*** Opening Data ***

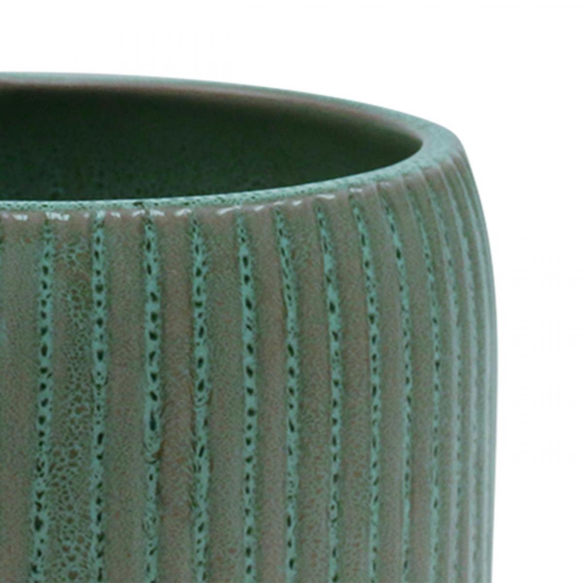 Virágcserép kerámia ültető hornyok zöld Ø10cm H8,5cm
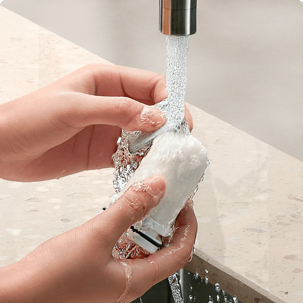Der Wasserhahnfilter zeichnet sich durch langlebige Komponenten aus. Der keramische Filter kann mehrfach gereinigt und mit einfachem Zubehör wie Sandpapier oder einem Scheuerschwamm gepflegt werden, wodurch seine Lebensdauer verlängert und Wartungskosten reduziert werden. Im Lieferumfang sind vier Filterkartuschen enthalten, deren Einsatzzeit abhängig von Wasserqualität und Verbrauch zwischen drei und sechs Monaten liegt.
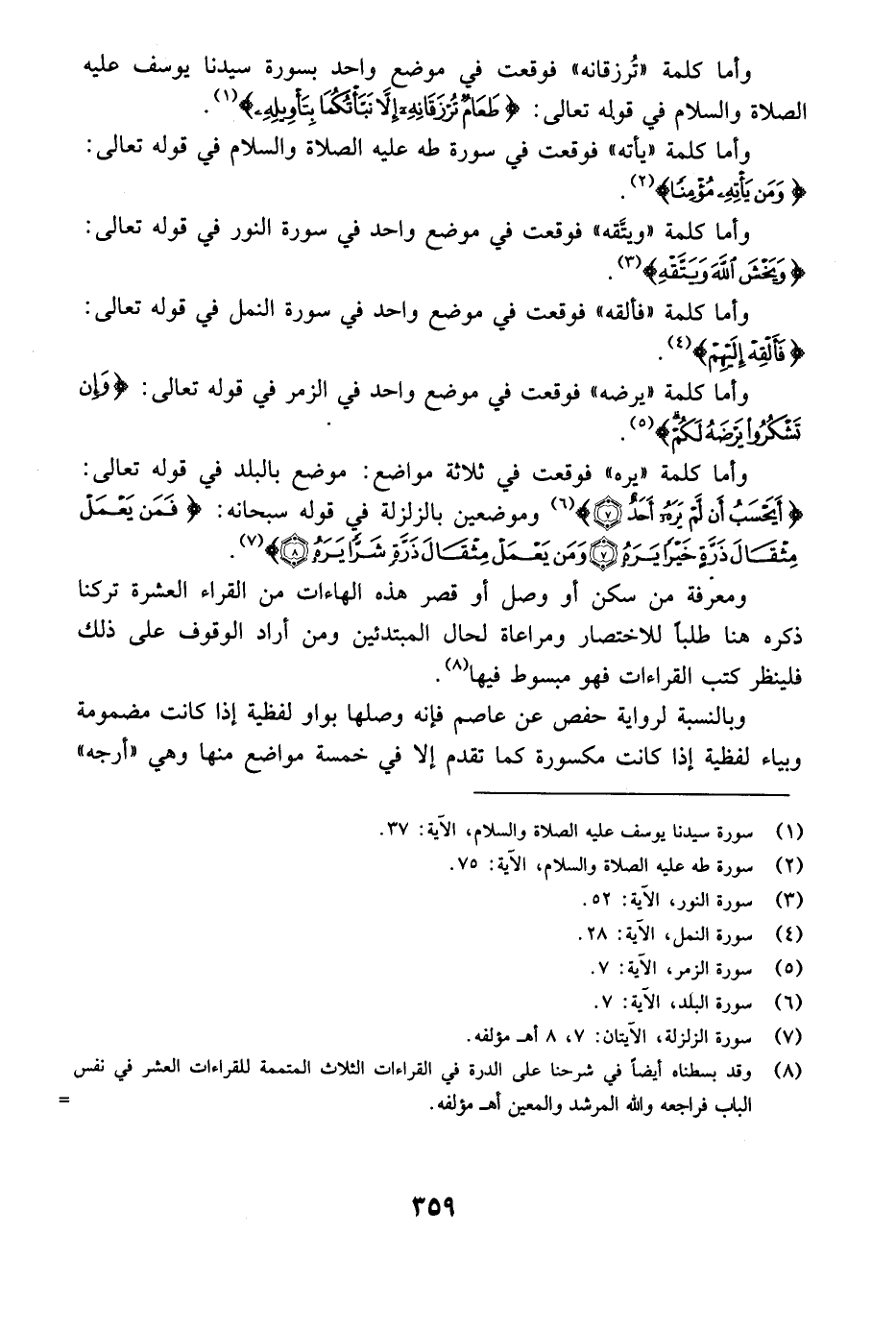 وأما كلمة "يره" فوقعت في ثلاثة مواضع: موضع بالبلد في قوله تعالى: {أَيَحْسَبُ أَن لَّمْ يَرَهُ أَحَدٌ} [البلد: 7] وموضعين بالزلزلة في قوله سبحانه: {فَمَن يَعْمَلْ مِثْقَالَ ذَرَّةٍ خَيْراً يَرَهُ وَمَن يَعْمَلْ مِثْقَالَ ذَرَّةٍ شَرّاً يَرَهُ} [الزلزلة: 7-8] .
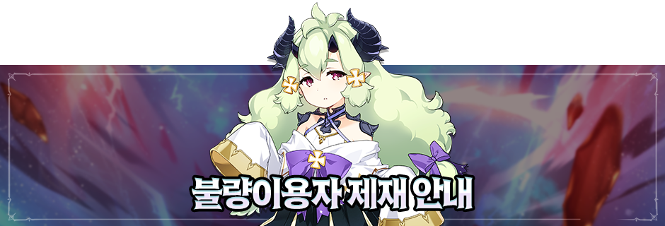 불법 프로그램 사용, 버그 악용 등 운영 정책에 위반된 행위를 한 불량 이용자에 대해 계정 제한을 진행합니다.
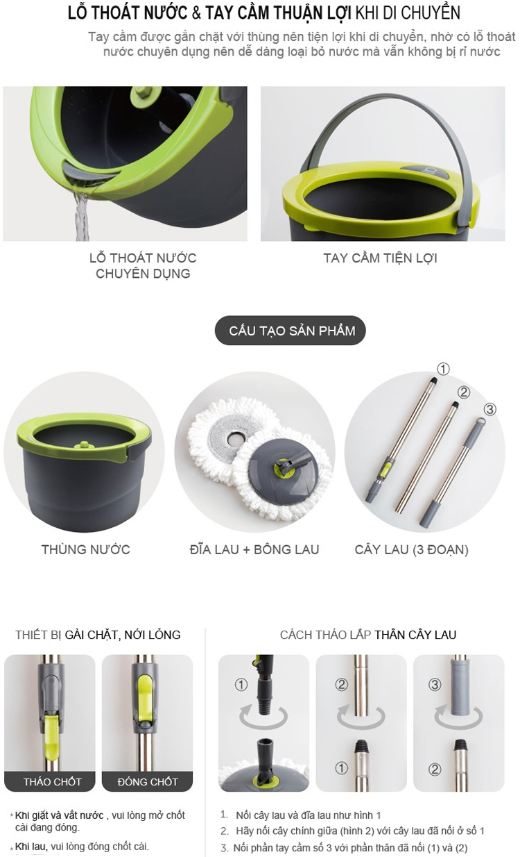 - Bộ gồm 1 thùng chứa nước, 2 bông lau cùng 1 cây lau, sẽ góp phần giúp bạn giữ cho nhà cửa luôn được sạch sẽ và khô thoáng.
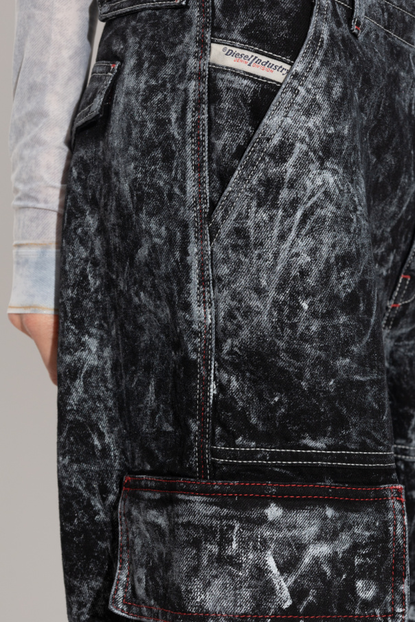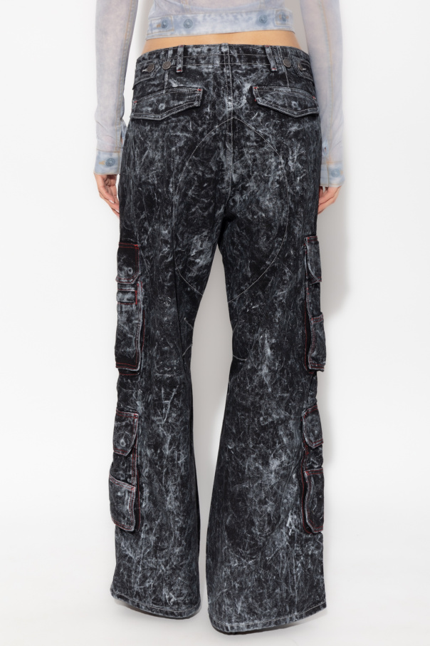 Black and silver-tone ‘D-SIRE-CARGO L.32’ jeans from Diesel. Made of cotton, this wide leg pair features button fastenings, paint splatter effect and multiple pockets.
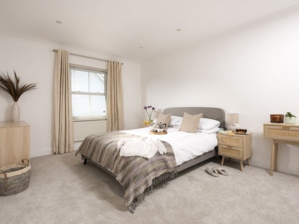 Situated on the first floor with its own en-suite shower room, this bedroom has a walk-in wardrobe and is furnished with a king size bed, bedside tables and lamps, chest of drawers and a smart TV

*** Closing Data ***

[Instructions for the task]: All the data above is to be transcribed exactly, with no pictures included.

[Expected answer]:
 Virágcserép kerámia ültető hornyok zöld Ø10cm H8,5cm
Der Wasserhahnfilter zeichnet sich durch langlebige Komponenten aus. Der keramische Filter kann mehrfach gereinigt und mit einfachem Zubehör wie Sandpapier oder einem Scheuerschwamm gepflegt werden, wodurch seine Lebensdauer verlängert und Wartungskosten reduziert werden. Im Lieferumfang sind vier Filterkartuschen enthalten, deren Einsatzzeit abhängig von Wasserqualität und Verbrauch zwischen drei und sechs Monaten liegt.
 وأما كلمة "يره" فوقعت في ثلاثة مواضع: موضع بالبلد في قوله تعالى: {أَيَحْسَبُ أَن لَّمْ يَرَهُ أَحَدٌ} [البلد: 7] وموضعين بالزلزلة في قوله سبحانه: {فَمَن يَعْمَلْ مِثْقَالَ ذَرَّةٍ خَيْراً يَرَهُ وَمَن يَعْمَلْ مِثْقَالَ ذَرَّةٍ شَرّاً يَرَهُ} [الزلزلة: 7-8] .
 불법 프로그램 사용, 버그 악용 등 운영 정책에 위반된 행위를 한 불량 이용자에 대해 계정 제한을 진행합니다.
 - Bộ gồm 1 thùng chứa nước, 2 bông lau cùng 1 cây lau, sẽ góp phần giúp bạn giữ cho nhà cửa luôn được sạch sẽ và khô thoáng.
 Black and silver-tone ‘D-SIRE-CARGO L.32’ jeans from Diesel. Made of cotton, this wide leg pair features button fastenings, paint splatter effect and multiple pockets.
 Situated on the first floor with its own en-suite shower room, this bedroom has a walk-in wardrobe and is furnished with a king size bed, bedside tables and lamps, chest of drawers and a smart TV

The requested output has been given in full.